Wednesday, November 06, 2002

I'm really falling behind on that nanowrimo thing. And it is had to accept how sucky one's novel is...I like to blame it on the fact I don't edit, etc. But

The problem is since it is a coming-of-age novel (a bildungsroman for the more pretentious of us...who I can't pretend to be since I'm not quite sure how to spell bildungsroman) it turns out sounding exactly like a teenager's blog. I suppose I should be happy for the authenticity of this. The redundancy and flat writing of the overly self-absorbed.
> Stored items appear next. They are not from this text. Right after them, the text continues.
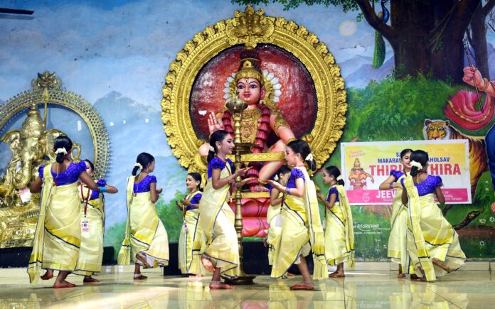ശബരിമല: മകരവിളക്ക് മഹോത്സവത്തിനായി നടതുറന്ന ശബരിമല ശ്രീധർമ്മ ശാസ്താ ക്ഷേത്ര സന്നിധാനത്ത് പുതുവത്സരദിനത്തിൽ ശബരീശന് തിരുവാതിര അർച്ചന സമർപ്പിച്ച് കുഞ്ഞ് മാളികപ്പുറങ്ങൾ. തിരുവനന്തപുരം വെഞ്ഞാറമൂടിലെ ജീവകല സാംസ്‌കാരിക കേന്ദ്രത്തിലെ ഒൻപത് വയസിനു താഴെയുള്ള 11 പെൺകുട്ടികളാണ് സന്നിധാനം നടപന്തലിലെ വേദിയിൽ തിരുവാതിര അവതരിപ്പിച്ചത്.
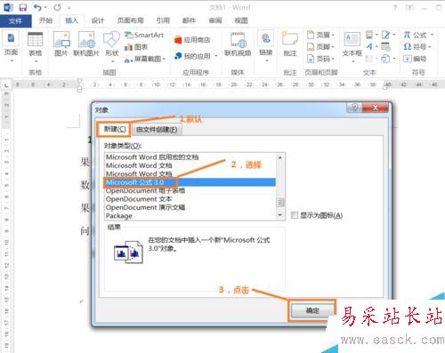 2、選擇新建的對象類型,這里選擇“Microsoft公式3.0”,點擊“確定”。
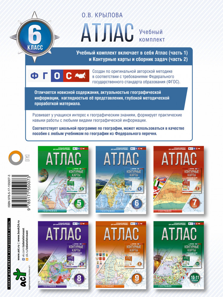 Атлас. 6 класс. ГеографияВ данный момент этот товар отсутствует в продаже. Возможно, у нас найдется аналогичный или похожий товар здесь. Серия: Атласы и контурные карты. География Атлас по географии для 6-го класса (автор — О.В. Крылова) предназначен для развития у учащихся интереса к географическим знаниям, формирования у них практических навыков работы с различными видами географической информации. Содержание материалов атласа обеспечивает дальнейшее углубление представлений учащихся о планете Земля и её оболочках, о природе, о работе с планом и картой. Оригинальные учебные задания способствуют закреплению пройденного материала, формированию у учащихся творческого начала, умения работать в группе. Предлагаемый атлас отличается новизной содержания и при этом подходит ко всем школьным программам и учебникам по географии. |
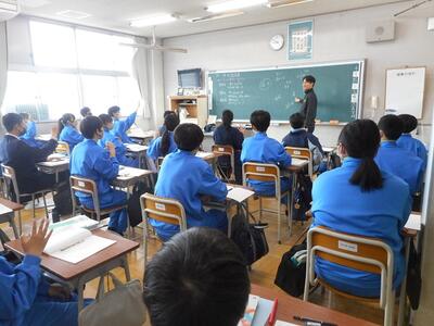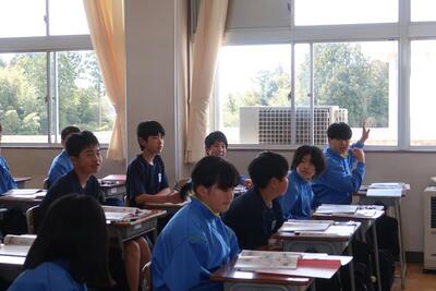 ・2年2組は国語です。「未来へ」の詩の中にこんな文があります。「足元の土に生と死が埋もれている」・・・「死」が埋もれているのは分かりやすいですが、「生」が埋もれているとはどういうことなのだろう?みんなで考えていました。
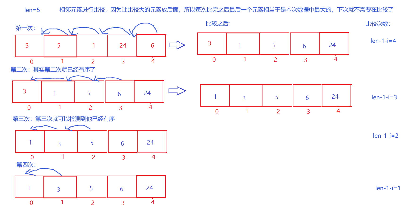 在无序区间,通过相邻数的比较,将最大的数冒泡到无序区间的最后,持续这个过程,直到数组整体有序。

Way to cure this: Move to the third person. Irony factor: In my journals as a teenager I very often wrote about things in the third person. Now I am trying to write a novel based largely on my own life (well, who doesn't do that...and it takes so much less time) in the first person. About day to day activities. Did my journal ever...even once discuss my daily activities. (Sadly, the 'journal purge' of the early '20's will never allow me to check up on any of these facts)? I recall never discussing my daily activities. I'm totally disinterested in what actually happens around me which is why I don't have what it takes to be a real novelist.

Yet...writing this novel is interesting. Just as painting made me notice the visual much more writing makes me more attentive to the world...to dialogue--to other people--to situations...etc. Even to plots. E.g., I read about (sad story) the head of some Jewish non-profit making a plan to bomb a synagogue and do something else equally atrocious. He slit his throat and jumped over a railing and yet he is still alive. Of course I thought--that's someone's material. That's material (not mine).

Yet...may I mention that writing a novel is simply the absolutely LAST thing I should be doing. That it is a pathway to self-destruction and life implosion as sure as the pre-med's oxycontin habit? Just reminding myself...Have yet to do anything about it, of course. The addiction has begun.